Lenovo ThinkPad X1 Carbon
The ThinkPad name has always garnered a certain amount of respect from business users. Though they usually cost above what some consumers are willing to spend, they’ve earned a reputation for being tough, have smart little creature comforts and the best keyboard available.
As reviewed by GottaBeMobile, the ThinkPad X1 Carbon takes all of these attributes and adds another: thin. Our review unit lasted 9 hours before needing to be charged again and it included an Intel Core i5 Processor, 4GB of RAM and 128 GB of on-board storage too.
The entry-level model costs $1,133, which definitely isn’t cheap. On the other hand, its gorgeous 14-inch display, rigid chassis, track point for those who hate touch pads and excellent keyboard make it a great machine. That it has the proportions of an ultrabook, like the Macbook Air, doesn’t hurt either.
Asus Transformer Book T100
The Asus Transformer Book T100 is the only low-end Windows 2-in-1 to make it in this list and it does so by skipping powerful processors and giving users options in other areas. To be clear, the Asus Transformer Book T100 still users an Intel Processor that should have enough muscle to handle mid-range apps, though trying to edit video on it wouldn’t necessarily be the best idea.
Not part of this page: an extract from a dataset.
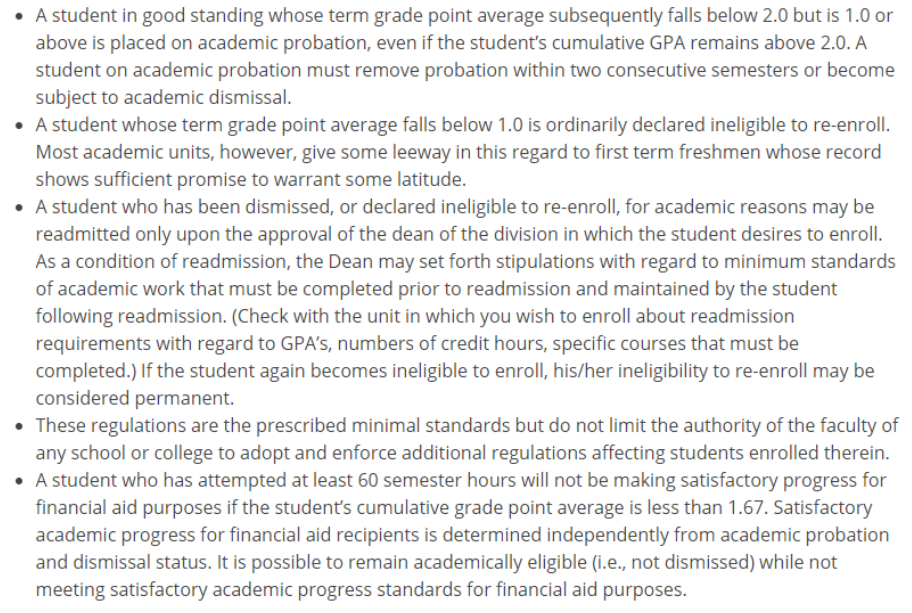 学校要求在校本科生的累积GPA不得低于2.0,如果学生的学期GPA低于2.0但是GPA大于1.0将会被学校留校察看(Academic Probation),处于留校察看状态的学生必须在之后两个学期内恢复2.0的累积GPA,否则将会被学校开除。通常,学期GPA低于1.0的学生没有资格继续入学。但是,大多数学院在新生的第一学期出现学术不达标时都会给学生一次机会。
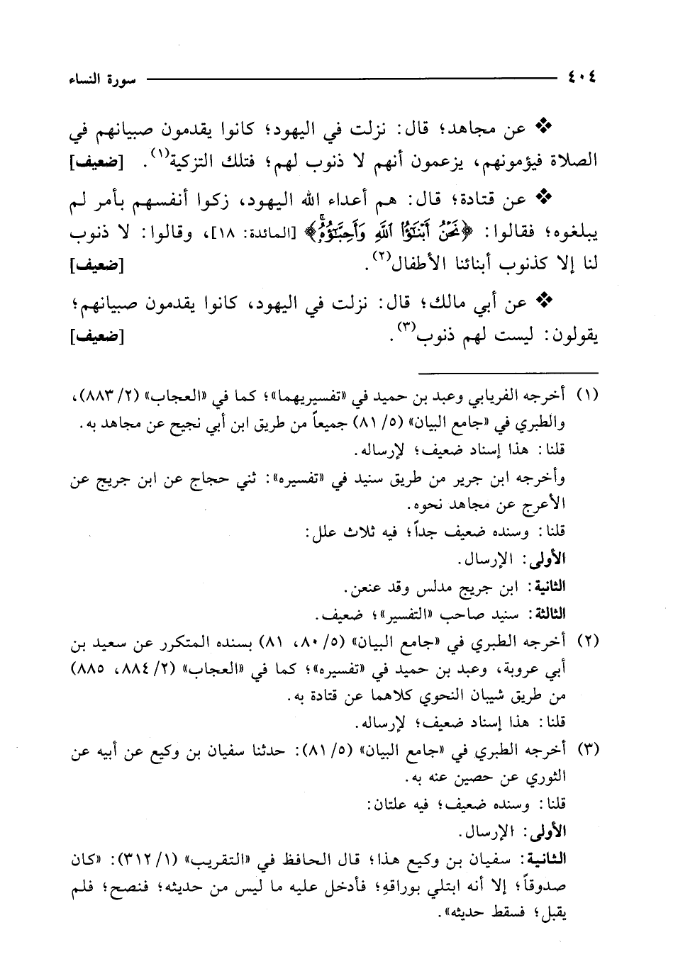 * عن أبي مالك؛ قال: نزلت في اليهود، كانوا يقدمون صبيانهم؛ يقولون: ليست لهم ذنوب (¬3). [ضعيف]

Each Asus Transformer Book T100 comes with an included dock that users can mate the tablet with for a notebook like experience. Entry level users get just a keyboard inside that dock. Buyers of the more expensive versions get a 500GB hard drive built into that keyboard dock.
The entry-level Asus Transformer Book T100 includes 2GB of RAM and 64GB of storage built into the tablet part of the convertible. It’s no powerhouse machine, but it’s the perfect notebook for anyone also in the market for a tablet, and it costs just $349.99.
Surface Pro 2
Microsoft’s Surface Pro 2 is a unique beast. Without its keyboard accessories, the Surface Pro looks like a tablet. There’s a kickstand on its rear for propping up the rather thick device. There’s a 10.6-inch display, and two cameras face the user and the back of the device.
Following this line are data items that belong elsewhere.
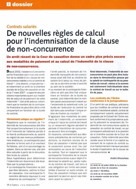 Dis moi, ou as tu trouvé le jurisprudence dans le domaine de la clausede non-concurrence? Je suis dans le même cas en ce moment.
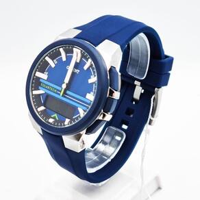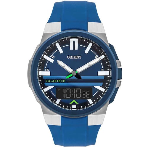 Características Formato do Relógio: Redondo Composição do Vidro: Cristal mineral Material da Caixa: Aço Inox Cor da Caixa: Azul, Prata Cor do mostrador: Azul Material da Pulseira: Borracha Cor da Pulseira: Azul Mecanismo: Analógico-Digital, Solar
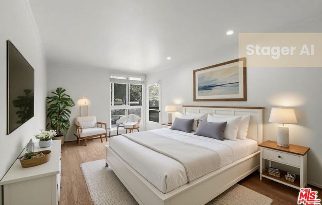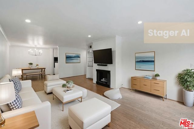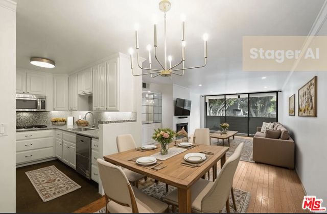 WELCOME HOME! Freshly painted, this light and bright recently renovated 2 bed/ 2 bath unit is situated on a quiet, tree-lined street in the heart of one of LA's most desirable neighborhoods. Close to Melrose Place and some of the city's finest restaurants, Boutiques, farmers marked , Alfred's Coffee, grocery stores such as Gelsons , as well as convenient proximity to Cedars Sinai. The inviting open and bright layout features a modern kitchen with stainless steel appliances, dining area and cozy gas fireplace in the open living area with direct access to the patio.The primary suite is filled with natural light and spacious closets, leading to a spacious remodeled ensuite bath.The full guest bath is right across from the 2nd bedroom which has access to the patio. Additional features include central A/C and heat, plus two side-by-side parking spaces in the gated, covered garage. Building amenities include secure entry with guest parking and security cameras, community swimming pool, sauna, rec room and fully-equipped gym. In addition the gorgeously landscaped neighborhood is filled with fine architecture, abundant shade and green space as well as a tranquil neighborhood park with waterfall, community center and playground area. Available now.
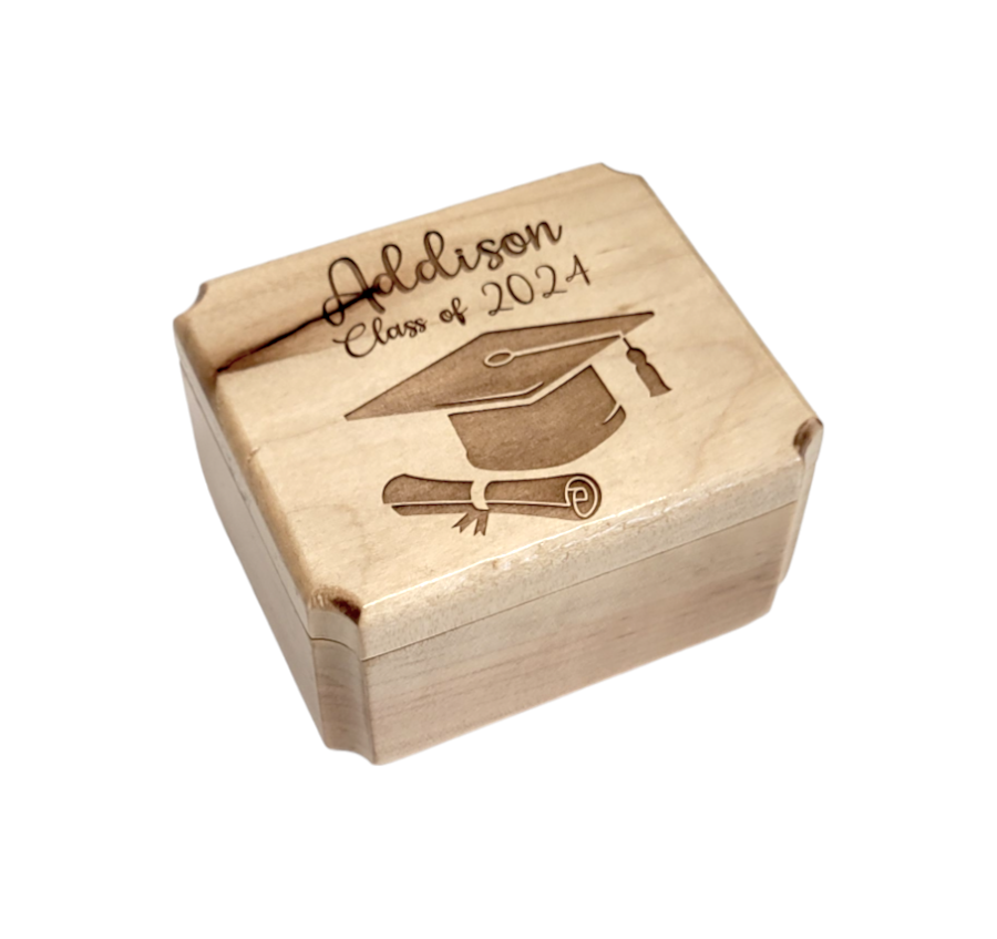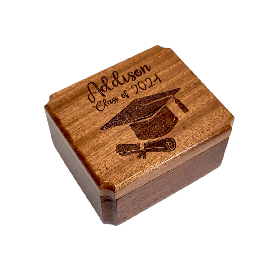 Graduation Ring Box Add Text, Personalized Handmade Custom Laser Engraved Wooden Ring Box

Looks aside, the tablet harbors a secret. In addition to its unique full-size USB port and display port, inside is an Intel Core i5 processor that makes it just as capable as a normal laptop. Really, there are only two downsides to the experience. First, the device’s signature keyboards don’t come with it. That’s fine since users could just plug in any old keyboard or mouse combo. The second is the amount of storage space users get. $899 is reasonable for a tablet/laptop of the Surface Pro 2’s caliber but the 64GB of on-board storage isn’t, even if users can add more with a microSD card slot.
Lenovo Yoga Laptop 2
Finally, there’s the Lenovo Yoga Laptop 2. Whereas the ThinkPad X1 Carbon attacks the very high-end laptop area, the Yoga 2 Pro is aimed at those looking for a sort of compromise between a notebook and tablet.
In standard configuration the Yoga Laptop 2 looks exactly like a normal notebook. The Yoga Laptop 2 doesn’t use any of those tricks that other laptops do. Instead, it includes suicide hinges that allow the screen to be folded onto its chassis and used as a tablet.
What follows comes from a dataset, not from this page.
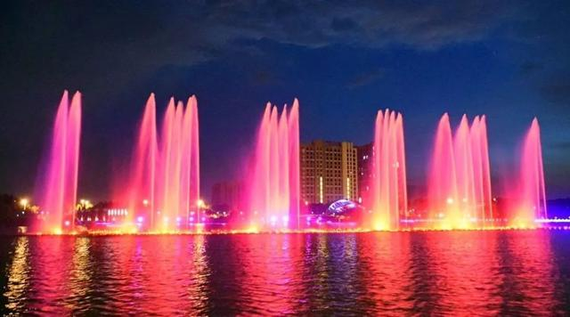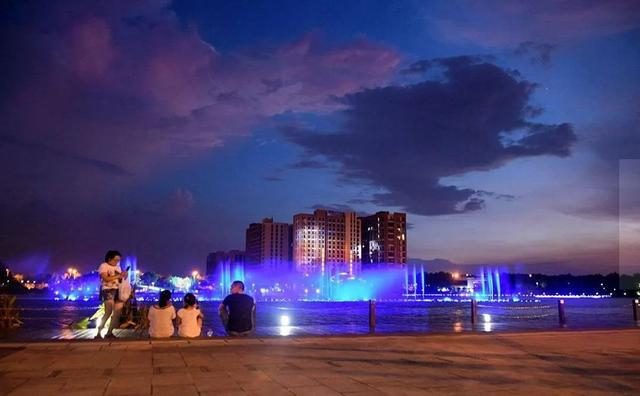 入夜后的新城公园流光溢彩,微风带着碎光片片的尾迹,划破夜色的河面。中央水池的喷泉在空中散成朵朵水花,如梦如幻。行人们漫步前行或临河而坐,清风带起衣袂飘飘,也带走了心中的烦闷。

An 11-inch display, 500 GB of storage space and a low-end Intel Processor all come standard in the Yoga Laptop 2. As such, it’s not a very high-end device – users won’t be editing video on this device either. Still, for those looking to get the best of both worlds, there’s nothing better than having a laptop that can be a tablet when the need arises. The Lenovo Yoga 2 starts at $549.
Regardless of whether you choose to purchase one of these machines or something else, just remember to check out the details and look for the best notebook or 2-in-1 form factor that fits your needs.